In 3 days, even less, the complexion of the war has gone from a hard fight ahead to the possible collapse of Japan in days.

During the years when Japan was committing such atrocities I often wondered when she would “pay the piper”. For her 2500 years of treachery she is paying a terrible price; Extinction.

The Seventh Army today suppressed the 100th Div. newspaper, “The Century Sentinel”. It was silly because everyone in the Div. knew what the contents were; our sailing date—between Sept. 1 and Dec. 1—Oct. 6 is the consensus of opinion.

Boy! Even as I read over the paragraph above the news came pouring in. At 11:00 some bigger news is supposed to come in.

I’m getting mail okay now, but you must be having a tough time of it. That little Combat Badge should be home by now.

I sure hope they don’t decide to send us to the Pacific via Siberia. I think some awfully morbid stuff, don’t I?

That’s all for now.

Best Love,


  1. Very interesting letter, Greg.

  2. Yes, an interesting letter. I'm struck by Bill's description of "our wonderful and terrible new weapon." It seems to me to be a prophetic statement. Wonderful in that it ended the war and that, in a way, it has prevented a World War III for 65 years.

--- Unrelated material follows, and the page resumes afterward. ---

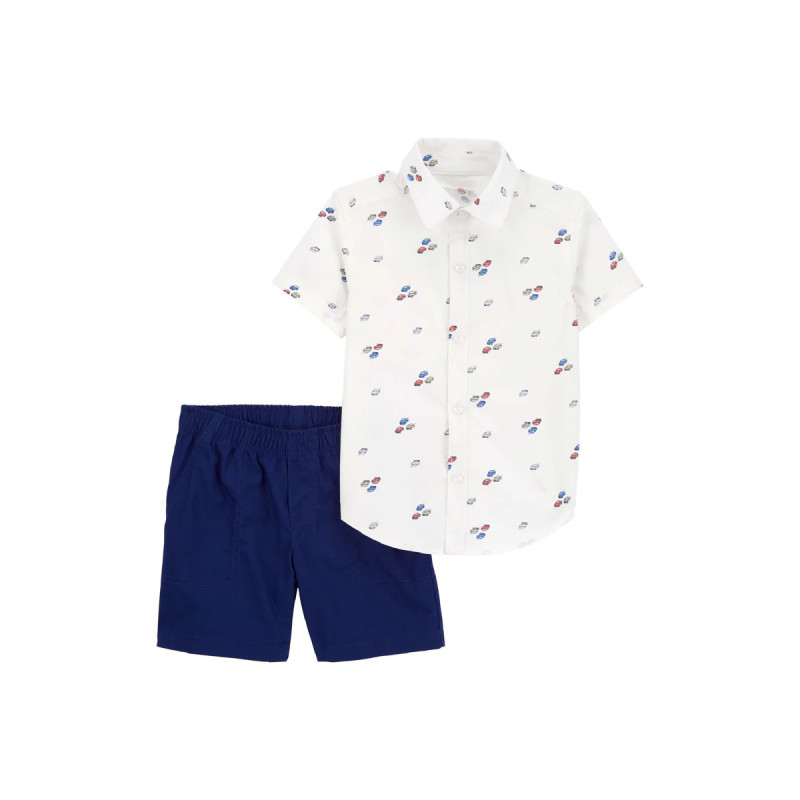 Комплект из двух предметов мальчика (белая рубашка с машинами, синие шорты) Carter’s 5T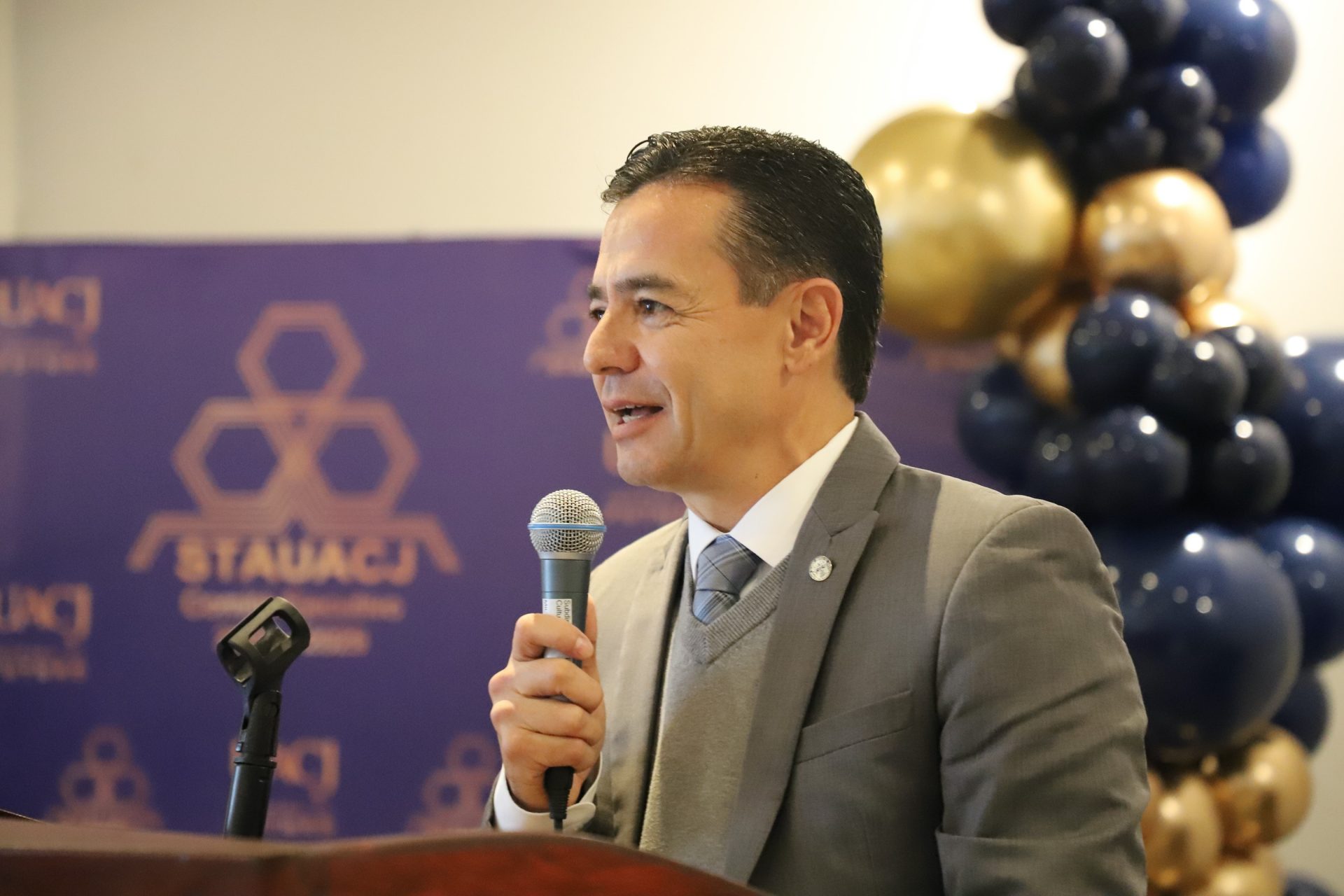 Como parte de los discursos de felicitación, el licenciado Gilberto Esparza Ambriz, secretario general del STAUACJ, expresó la importancia de la dedicación del personal de esta casa de estudios:

Terrible in that it has been a cloud over the world that threatens the very existence of the human race.

  3. Last two postings were very interesting. Can you imagine living that part of history? I can only imagine the emotions. My husband's uncle died at Iwo Jima. No one in the family had ever seen his grave which was at the national cemetary in Hawaii. We were able to visit it 25 years ago on a trip to Hawaii. I remember how emotional Rick's mom was at the pictures we took of the grave site. Wow...50,000 casualties of US soldiers. Hard to imagine.

  4. Elizabeth,
    Thank you for your touching post. Raw statistics like 6,821 American deaths at Iwo Jima do not tell the story nearly as well as the story of your husband's uncle who died there. I would like to dedicate this post to your relataive who died at Iwo Jima and all the veterans of the Pacific theatre. Could you give us his name?


  5. Elizabeth's family member who died at Iwo Jima was Joseph Reise. His body is buried at the National Cemetery in Hawaii.